From the line containing "画面中,这只藏酋猴灵活地在村" through the last line of the entries below, transcribe each line exactly, excluding any picture.

Stored items from a collection:
==*==

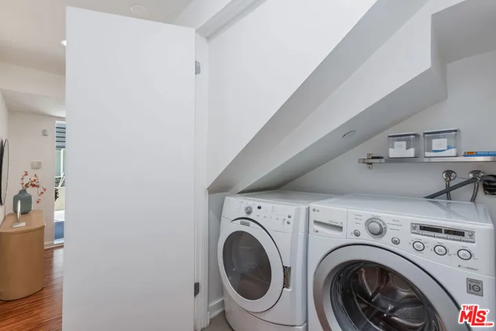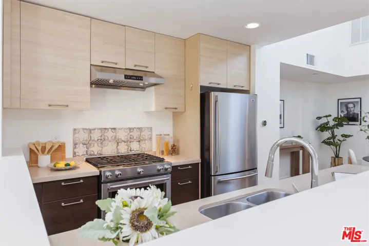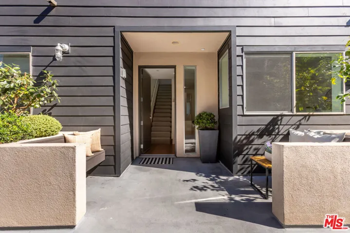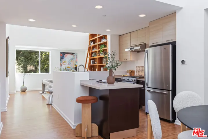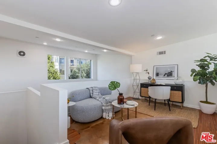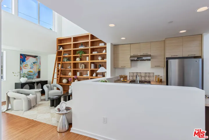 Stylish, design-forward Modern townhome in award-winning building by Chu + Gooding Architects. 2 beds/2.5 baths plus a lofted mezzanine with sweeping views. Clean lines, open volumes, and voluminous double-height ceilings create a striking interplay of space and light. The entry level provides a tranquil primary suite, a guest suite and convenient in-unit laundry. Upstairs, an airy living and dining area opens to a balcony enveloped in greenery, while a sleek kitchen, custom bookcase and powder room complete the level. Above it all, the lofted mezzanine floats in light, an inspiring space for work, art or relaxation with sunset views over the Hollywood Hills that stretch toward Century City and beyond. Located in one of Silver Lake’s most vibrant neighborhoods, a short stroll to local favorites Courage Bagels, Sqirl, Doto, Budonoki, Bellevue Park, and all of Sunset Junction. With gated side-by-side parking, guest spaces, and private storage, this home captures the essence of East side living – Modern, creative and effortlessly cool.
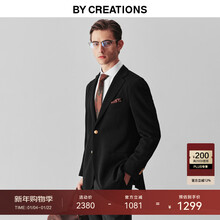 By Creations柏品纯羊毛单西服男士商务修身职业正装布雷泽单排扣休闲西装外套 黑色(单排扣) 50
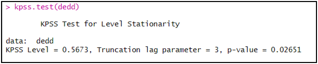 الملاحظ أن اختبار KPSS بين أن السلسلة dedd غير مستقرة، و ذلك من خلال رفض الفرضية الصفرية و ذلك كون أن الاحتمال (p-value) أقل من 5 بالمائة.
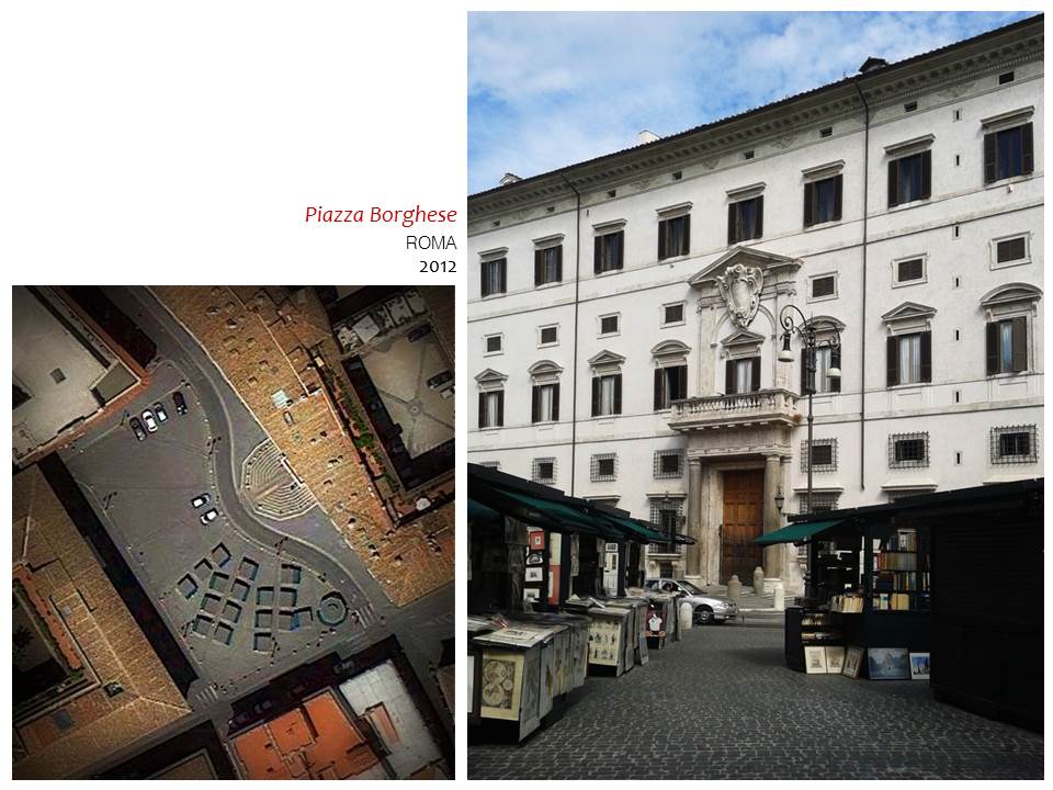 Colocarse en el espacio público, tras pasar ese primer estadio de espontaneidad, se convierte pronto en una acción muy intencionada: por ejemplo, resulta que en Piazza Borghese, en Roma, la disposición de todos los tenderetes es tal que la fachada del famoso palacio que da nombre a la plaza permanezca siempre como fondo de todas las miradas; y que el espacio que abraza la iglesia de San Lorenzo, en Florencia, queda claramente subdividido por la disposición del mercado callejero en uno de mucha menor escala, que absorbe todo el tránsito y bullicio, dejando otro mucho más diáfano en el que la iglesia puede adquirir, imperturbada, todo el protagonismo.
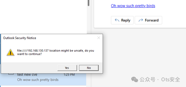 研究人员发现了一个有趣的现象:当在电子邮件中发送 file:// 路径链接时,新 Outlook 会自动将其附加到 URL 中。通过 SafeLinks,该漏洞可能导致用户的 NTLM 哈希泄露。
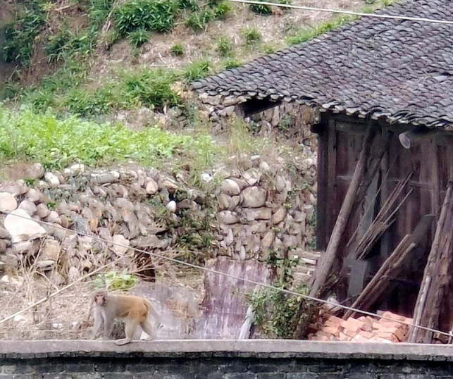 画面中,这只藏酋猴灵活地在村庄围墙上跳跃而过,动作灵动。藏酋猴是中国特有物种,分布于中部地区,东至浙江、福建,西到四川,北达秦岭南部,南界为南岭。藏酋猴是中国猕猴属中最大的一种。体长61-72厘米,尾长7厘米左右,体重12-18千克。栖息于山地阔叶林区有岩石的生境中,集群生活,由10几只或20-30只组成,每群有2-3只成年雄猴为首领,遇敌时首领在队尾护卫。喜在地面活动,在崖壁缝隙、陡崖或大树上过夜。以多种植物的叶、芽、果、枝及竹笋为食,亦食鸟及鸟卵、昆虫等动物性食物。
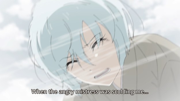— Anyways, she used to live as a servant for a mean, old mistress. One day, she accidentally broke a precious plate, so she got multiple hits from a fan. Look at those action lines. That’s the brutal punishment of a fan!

==*==

◆ ANSWER TO THIS TASK
 画面中,这只藏酋猴灵活地在村庄围墙上跳跃而过,动作灵动。藏酋猴是中国特有物种,分布于中部地区,东至浙江、福建,西到四川,北达秦岭南部,南界为南岭。藏酋猴是中国猕猴属中最大的一种。体长61-72厘米,尾长7厘米左右,体重12-18千克。栖息于山地阔叶林区有岩石的生境中,集群生活,由10几只或20-30只组成,每群有2-3只成年雄猴为首领,遇敌时首领在队尾护卫。喜在地面活动,在崖壁缝隙、陡崖或大树上过夜。以多种植物的叶、芽、果、枝及竹笋为食,亦食鸟及鸟卵、昆虫等动物性食物。
— Anyways, she used to live as a servant for a mean, old mistress. One day, she accidentally broke a precious plate, so she got multiple hits from a fan. Look at those action lines. That’s the brutal punishment of a fan!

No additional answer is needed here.